Crypto’s relative performance continues to stand out against that backdrop. The total crypto market cap sits at $2.32 trillion, roughly unchanged over the past week, a period in which the Nasdaq 100 dropped about 5%. Bitcoin has spent the entire war trading between roughly $65,000 and $73,000, selling on every escalation but refusing to break structurally lower even as equities form a clear downtrend.

“Crypto has pulled back, but appears stronger than stocks,” said Alex Kuptsikevich, chief market analyst at FxPro. “Although the cryptocurrency market remains below its 50- and 200-day moving averages, it is finding support on dips to the lows seen since early February, demonstrating horizontal stabilization following the slump, while equities are forming a downtrend.”

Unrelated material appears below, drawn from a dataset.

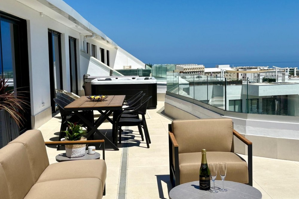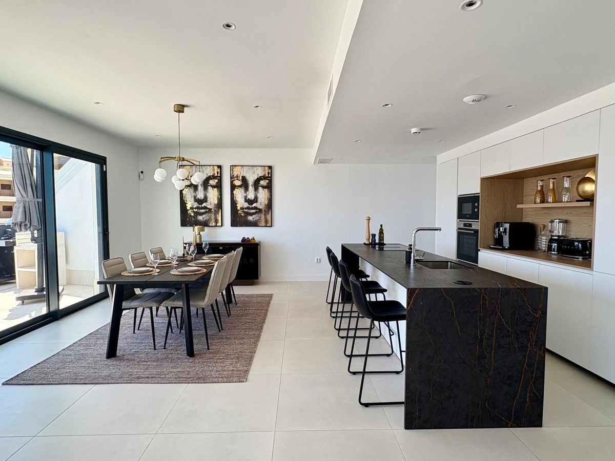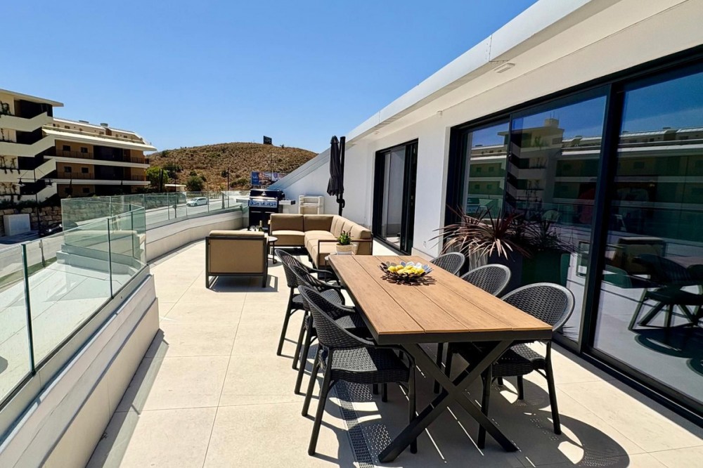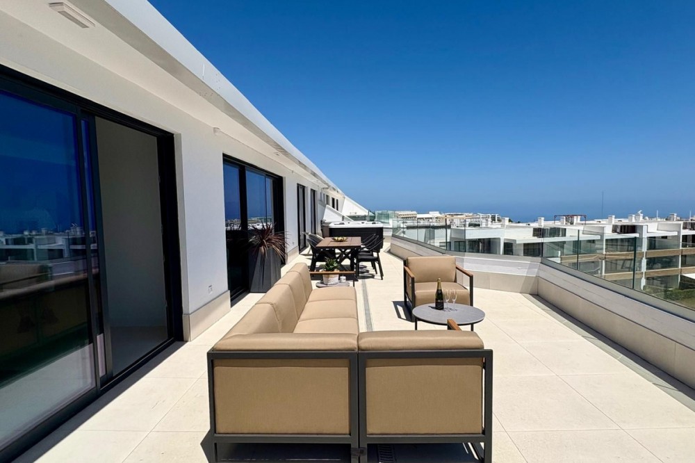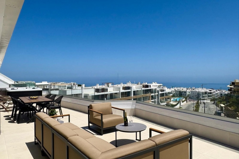 - Luxury Penthouse with Panoramic Sea Views in Reserva del Higuerón, Fuengirola Step into contemporary elegance with this stunning penthouse, built in 2024, located in the sought-after Reserva del Higuerón – just a short walk from the prestigious Higuerón Resort with world-class facilities including a gym, spa, heated indoor pool, padel and tennis courts, sports club, and gourmet restaurants, including a Michelin-starred restaurant. This modern 3-bedroom, 3-bathroom penthouse offers 152 sqm of interior space and an impressive 67 sqm private terrace with breathtaking sea views. The spacious terrace is designed for luxurious outdoor living, featuring a jacuzzi, BBQ, sun loungers, a lounge area, and outdoor dining furniture – perfect for entertaining or relaxing in style. Inside, you'll find a bright open-plan living area with a fully equipped kitchen, breakfast bar, and direct access to the terrace. Two of the three bedrooms also open directly onto the terrace. The property includes underfloor heating in all bathrooms, spotlights, a separate laundry room, and plenty of storage throughout. A modern alarm system provides added peace of mind. The apartment is sold fully furnished and equipped, ready to move in. Two underground garage spaces and a storage room are included. The gated community offers beautifully landscaped gardens with multiple swimming pools. This penthouse is a perfect blend of luxury, comfort, and location – ideal as a permanent residence, a high-end holiday home, or a premium investment opportunity

JPMorgan noted Monday that bitcoin is weathering the Iran crisis better than gold and silver, a notable observation given that gold’s unprecedented losing streak has been the single most disorienting signal in global markets for weeks. The traditional safe haven is falling during an active war while the asset that’s supposed to be the volatile one holds its range.

The question heading into April is what a potential end to the conflict actually means for crypto.

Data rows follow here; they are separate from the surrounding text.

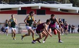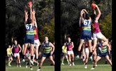 Durras Seccull flies high early in the game and Josh Gasparini breaks clear of the pack
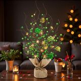 Exquisite Heart Design:This heart-shaped table tree showcases twirling stems, vines, and an array of artificial hearts and berries in assorted colors. Its vintage style makes it a captivating centerpiece for your dining table or any flat surface.
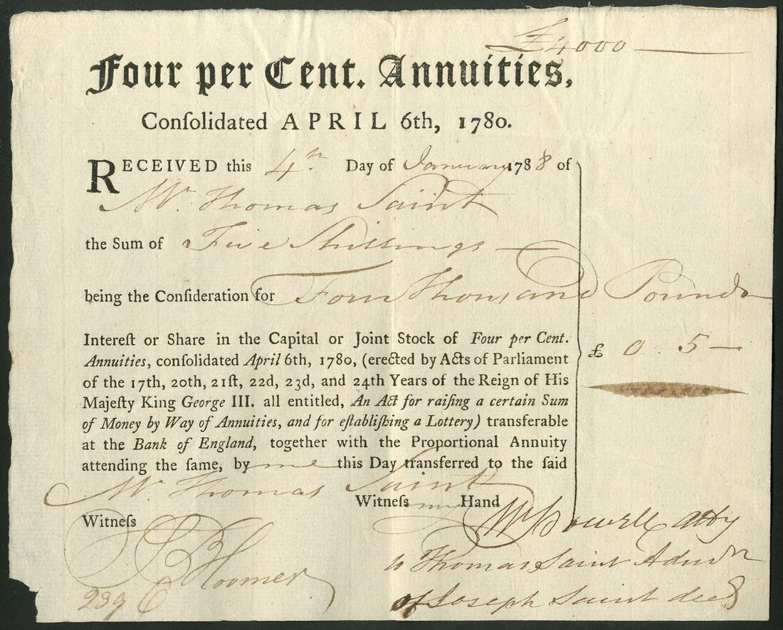 Great Britain: Four per Cent. Annuities, an inscribed stock receipt for £[4000] stock dated 178[8], black printing. Formed by consolidation of earlier issues in 1780 under an Act for 'raising a certain Sum of Money by Way of Annuities, and for establishing a Lottery'. Usual spiking damage at lower left corner but a rare early date, VF.
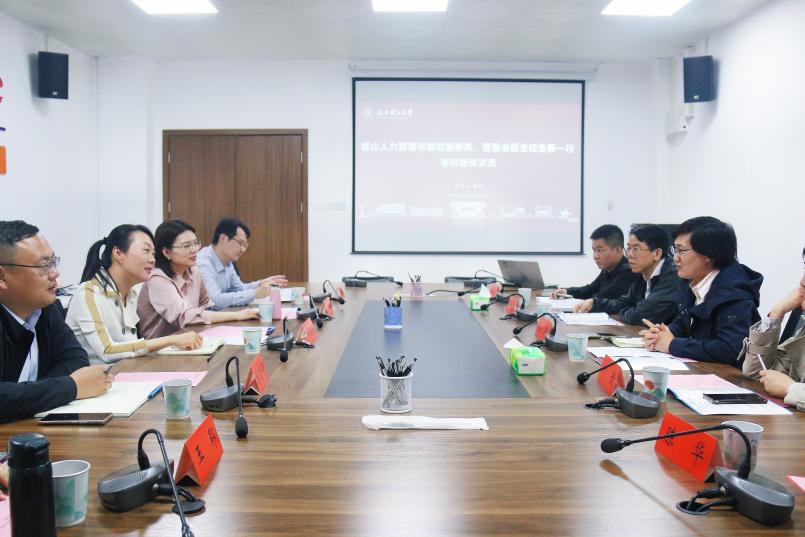 招聘会正式开始前,昆山市人社局校企合作座谈会在三江校区三实楼A201会议室举行,昆山市人力资源市场党委委员、管委会副主任金燕一行参加座谈会。会议由校招生就业处处长邓晓宇主持。
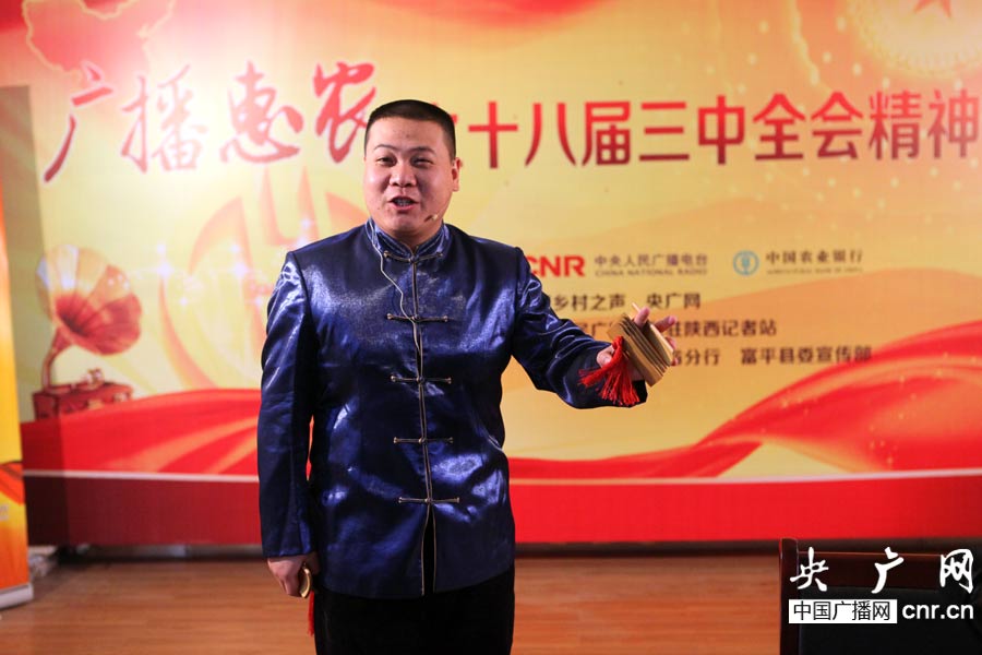 央廣網(wǎng)富平2月20日消息(記者陳江南 孟超 溫超 李偉民)2月20日上午,由中央人民廣播電臺(tái)、中國(guó)農(nóng)業(yè)銀行主辦、中國(guó)鄉(xiāng)村之聲、央廣網(wǎng)承辦的“廣播惠農(nóng)之十八屆三中全會(huì)精神宣講入鄉(xiāng)村”在陜西省的第三場(chǎng)活動(dòng)在富平縣莊里鎮(zhèn)舉行。
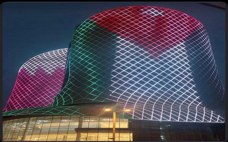 مبنى فندق شيراتون الدوحة الفندق الرسمي للدولة، وأيقونة أبراج ومبان الدوحة، وأعرقها وأقدمها، توشح بالعلم الاردني.
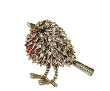 Rockin' Robin Brooch - Antique Gold/Clear/Ruby Red
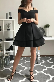 Lovely Black V Neck Spaghetti Straps Off Shoulder Layered A Line Short Prom Dress Homecoming Dress
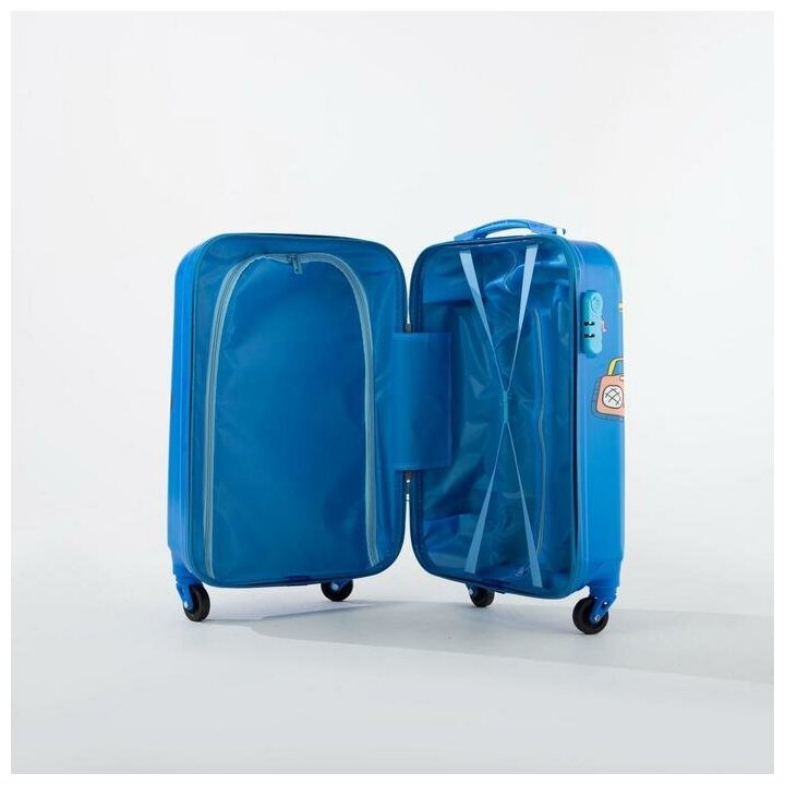 Чемодан детский 16", отдел на молнии, 2 колеса, цвет голубой
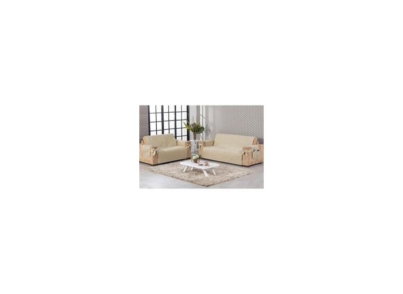 Kit Capa De Sofá 2 E 3 Lugares Com Laço Bege Matelado
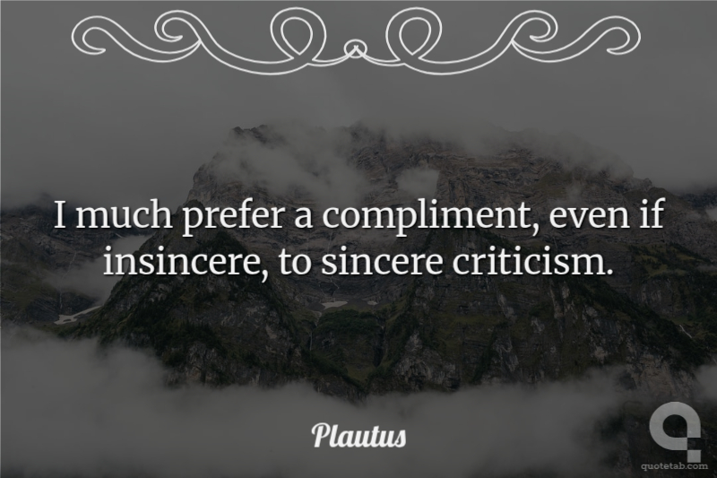 I much prefer a compliment, even if insincere, to sincere criticism.
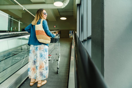 Young woman shopping with a cart driving up an escalator, looking sideways and smiling

A ceasefire would remove the headline risk that has kept bitcoin range-bound, but a closed Hormuz even after a U.S. withdrawal would keep oil elevated and inflation expectations sticky, complicating the rate-cut path the market has been waiting on.

Monday’s dip below $65,200 and snap recovery above $67,000 looked like a stop-hunt that found real demand underneath. Whether that demand holds through April depends on whether Trump’s willingness to end the war turns into an actual off-ramp, or just another headline in a month that’s been full of them.